Abstract
We characterized the complete chloroplast genome sequence of Ligularia fischeri, a collection from Halla Mountain in Jeju Island, Korea. The plants are utilized as edible functional plant species harbouring useful antioxidant compounds in family Asteraceae. De novo assembly with whole genome sequencing data of L. fischeri completed the chloroplast genome of 151 133 bp long, which included two inverted repeats (IRs) blocks of 24 831 bp, separated by the large single-copy block of 83 238 bp and small single-copy block of 18 233 bp. The genome encoded 113 genes consisting of 80 protein-coding genes, 29 tRNA genes and 4 rRNA genes. Phylogenetic analysis with protein coding gene sequences of reported Asteraceae chloroplast genomes revealed a close relationship of L. fischeri with Jacobaea vulgaris, a weed species world-widely distributed.

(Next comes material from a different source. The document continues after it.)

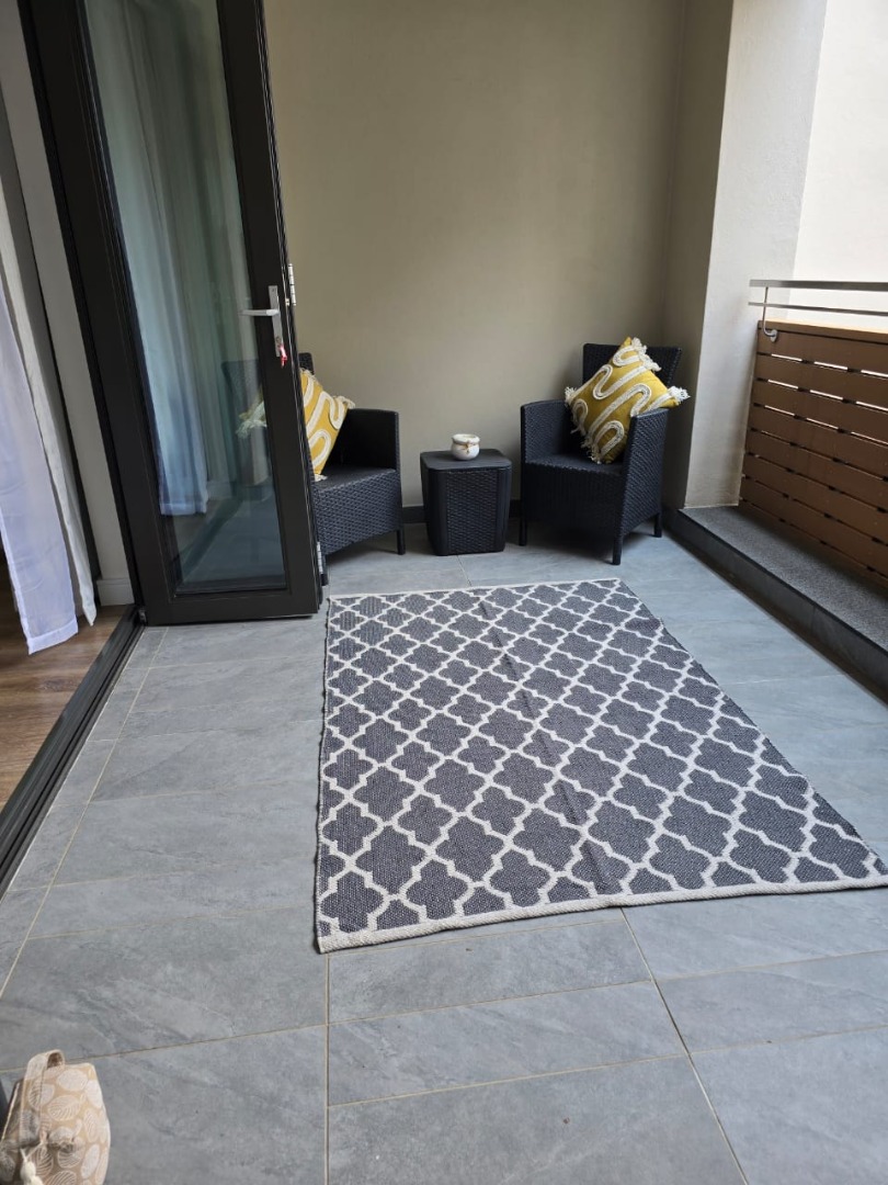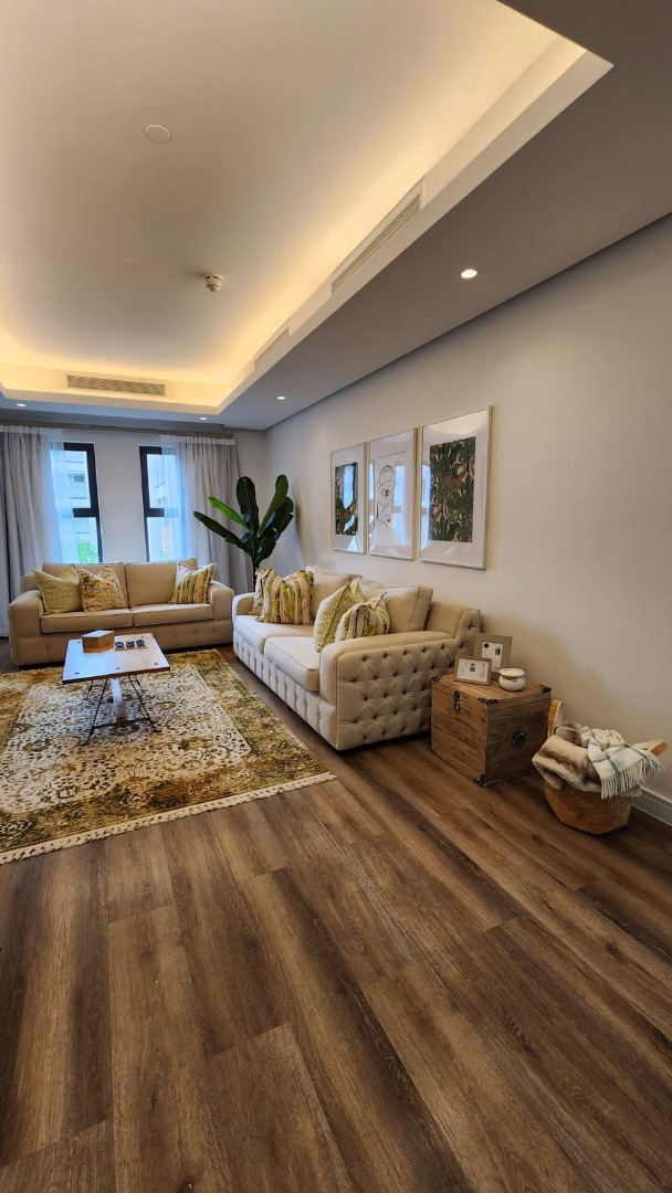 Situated on the 2nd floor, the apartment features an open-plan layout with a seamless flow between the living, dining, and kitchen areas. The spacious kitchen is fitted with ample cupboard space, a centre island, and a gas stove, making it perfect for both everyday living and entertaining.

Keywords: Chloroplast, Ligularia fischeri, whole genome sequence
Introduction
Ligularia fischeri, called Gomchi in Korea, is a perennial herbal plant belonging to family Asteraceae. In Korea, this plant has been used as a wild edible herbal plant and is mainly distributed in damp shady regions of high altitudes more than at least 600 m in the eastern part of Korea (Choi et al. 2007; Shang et al. 2010; Song et al. 2014). In addition, the leaves of this species have been used in Korea for medicinal purposes such as treatment of jaundice, scarlet fever, rheumatoid arthritis and hepatic function failure, owing to their antioxidant compounds, like Korean ginseng (Jeong et al. 1998; Lee et al. 2002, 2015; Park & Choi 2007; Bae et al. 2009). Nevertheless, large cultivation of L. fischeri in farm field is difficult, due to the limitation of cultivatable regions (Song et al. 2014). In this study, we characterized the complete chloroplast genome sequence of L. fischeri to contribute to further physiological, molecular and phylogenetical studies of this plant.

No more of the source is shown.